The instant disclosure relates to a heating system, in particular, to a large-area laser heating system.

2. Description of Related Art

In the semiconductor industry, thin film deposition process is generally used for preparing oxide products and hence, during or after the thin film deposition process, the reaction chamber is filled with oxygen atmosphere. In addition, most of the deposition processes include the heating of the sample to high temperatures in order to form the oxide products.

However, in the existing art, the procedure of heating the sample to high temperatures under oxygen atmosphere has certain difficulties. Since most of the filament materials for performing heating undergo oxidation under an oxygen atmosphere while being heated, the heaters used under an oxygen atmosphere mostly employ infrared lamp or a heater made of platinum, silicon carbide, molybdenum disilicide or Inconel. However, the above heaters still have the disadvantages of high power consumption, short lifetime and difficulties related to maintenance. For example, platinum heaters have shorter lifetime and silicon carbide heaters require regular maintenance. Therefore, the conditions and parameters for performing thin film process must be changed and the stability of the product quality is decreased, or the experimental results are not accurate.

In addition, the heating source provided by the conventional resistance wire heater is radioactive and the impurities in the material of the equipment near to the heater may be released and pollute the products.
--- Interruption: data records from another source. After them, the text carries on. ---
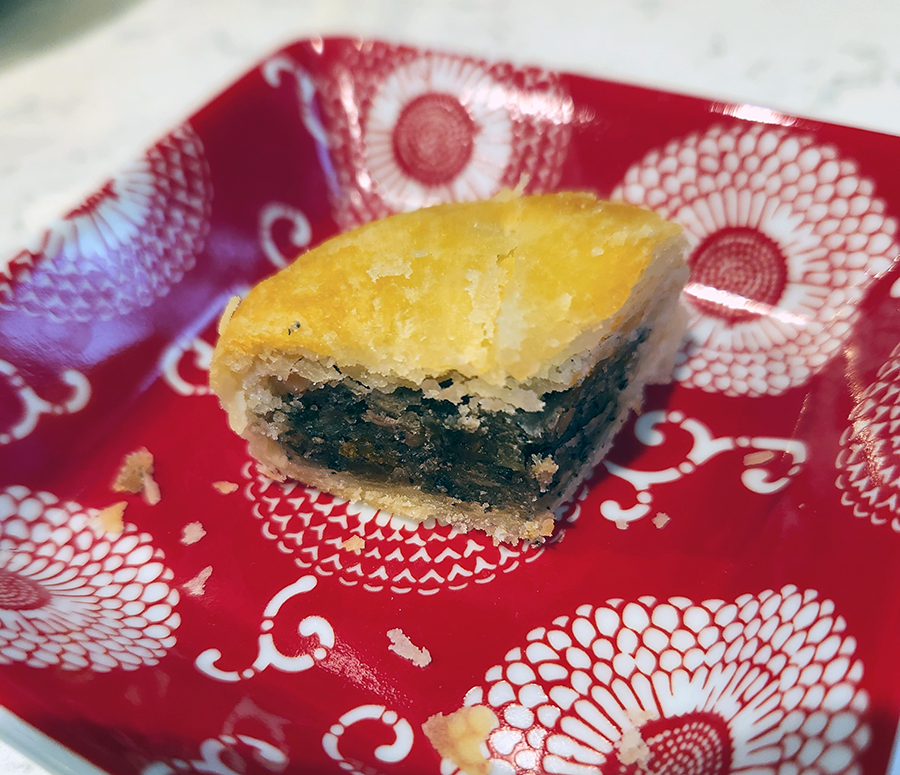 In China, one of the most emblematic dishes for the Mid-Autumn Festival, celebrated throughout East Asia, is the mooncake, a beautiful sweet with a thin, chewy skin and a myriad of fillings. However, today we were introduced to an intriguing variety of mooncake unlike any other variety we had seen: Suzhou or “Su” style mooncakes. This style of mooncakes from the city of Suzhou in the Yangtze River Delta has a different kind of “skin,” instead consisting of a shell of undecorated, multi-layered, flaky puff pastry! The filling for Suzhou mooncakes can be either sweet or savory, which is atypical of other mooncakes. To prevent any surprises, a red mark on top often distinguishes the sweet mooncakes from the savory. The version I tried was filled with sweetened squash, nuts and black sesame, though red bean is also typical. If you would like to make your own savory version, Food 52 and the New York Times have versions stuffed with pork, while the Woks of Life has a sweet red bean version.
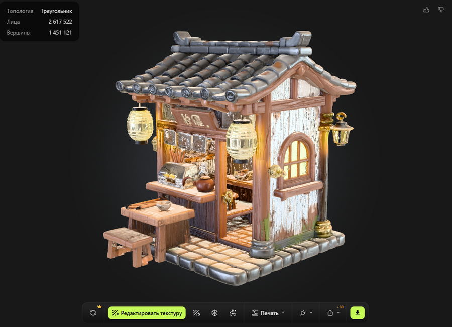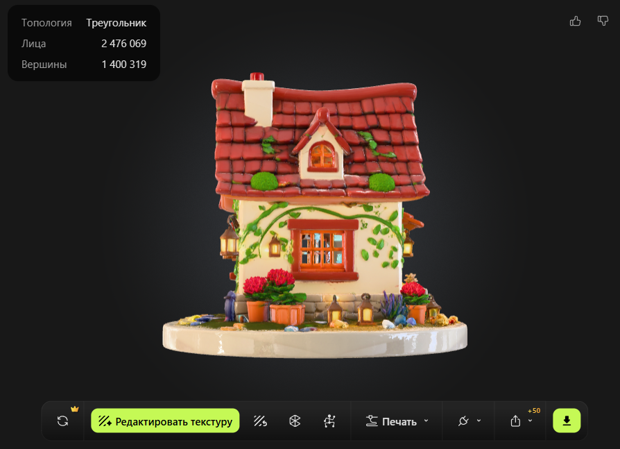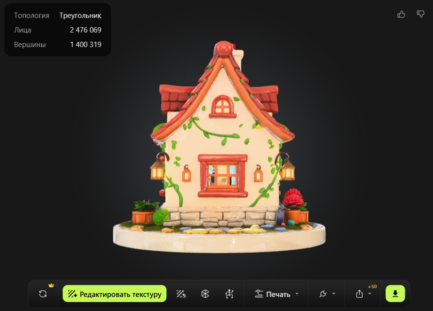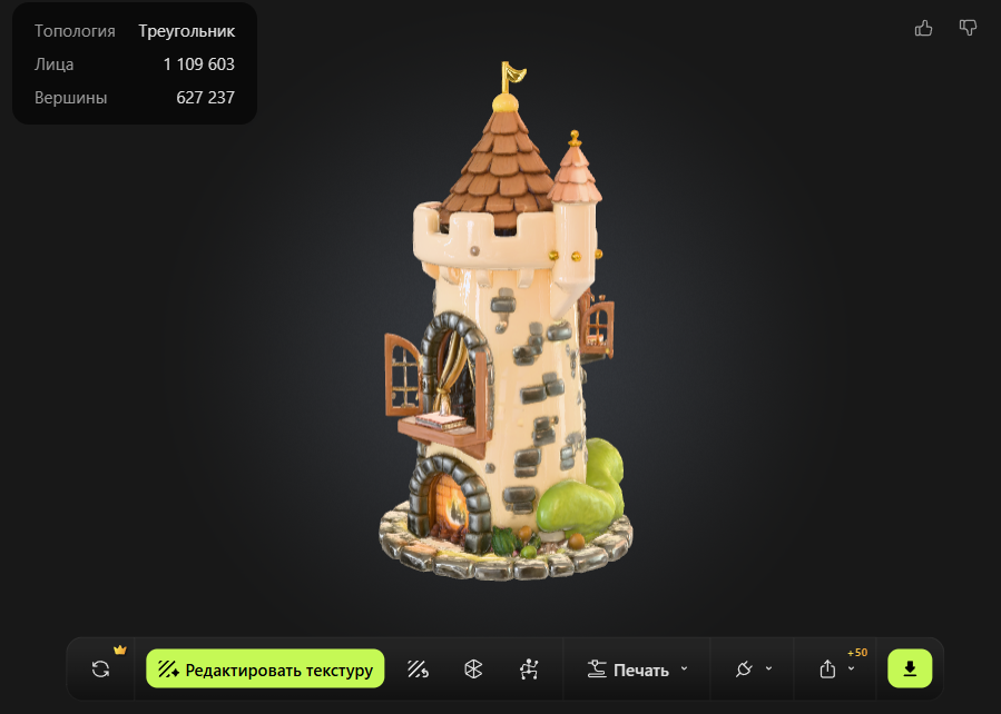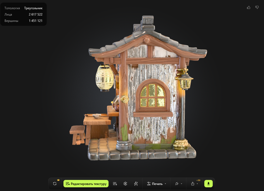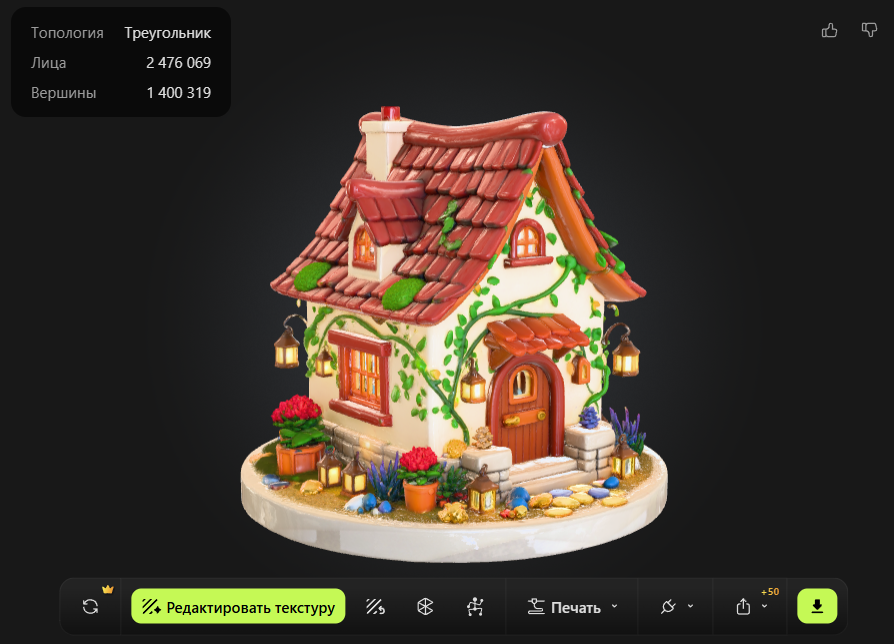 Геометрия и детализация: Формы моделей должны быть округлыми, без острых кромок и углов, имитируя изделия из полимерной глины или пластилина. Текстура материалов (стыки камней, волокна дерева, слои черепицы) должна быть глубокой и рельефной, чтобы она оставалась отчетливо видимой после финишной обработки и покраски.
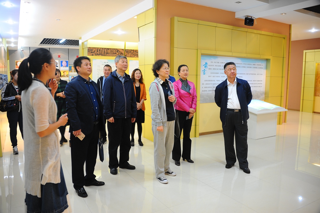 马立群一行在校长陈桂芝、党委副书记齐宏伟、副校长吕厚均的陪同下,先后来到校史馆、学生文体活动中心参观。
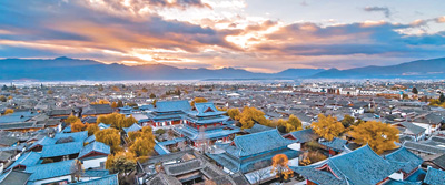 航拍丽江古城。
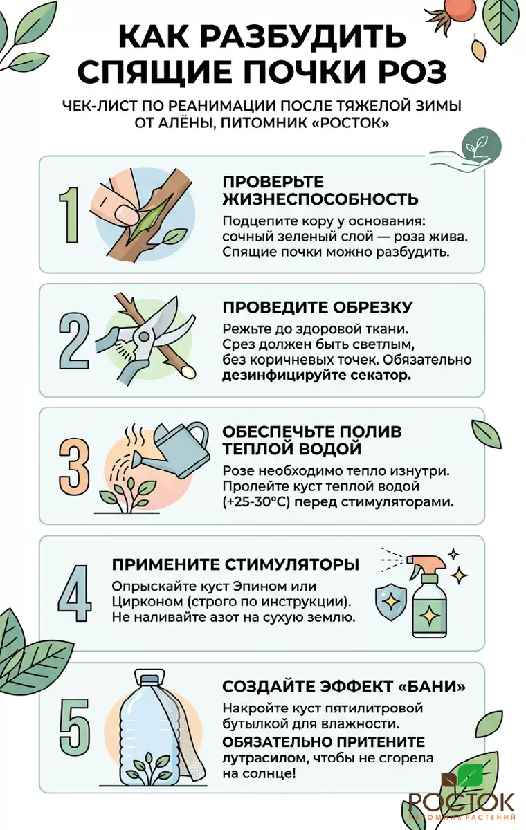 Перед тем как отчаиваться, стоит проверить состояние коры на стволе. Если при аккуратном потирании ногтем вы заметите зеленый слой, значит, надежда есть! Спящие почки — это своего рода запас, который роза прячет на трудные времена, и сейчас вашей задачей будет пробудить их.

Alternatively, the material deposited by the thin film deposition process can be released and become impurities in the reaction environment.

Along with the increase of the size of the products prepared by thin film deposition processes, how to effectively achieve the heating of the sample has become an object of study in the industry. Therefore, there is a need for providing a large-area heating system which can be used under oxygen atmosphere.

SUMMARY

An exemplary embodiment of the present disclosure provides large-area laser heating system comprising a laser module, a reaction module and a guiding module. The laser module comprises at least a vertical-cavity surface-emitting laser for emitting at least a laser beam, and a laser adjusting structure connected to the vertical-cavity surface-emitting laser. The incident angle of the laser beam emitted by the vertical-cavity surface-emitting laser is adjusted by the laser adjusting structure. The reaction module comprises a sample holder for holding a sample. The guiding module connects between the laser module and the reaction module, wherein the laser beam emitted by the vertical-cavity surface-emitting laser passes through the guiding module and projects onto a surface of the sample.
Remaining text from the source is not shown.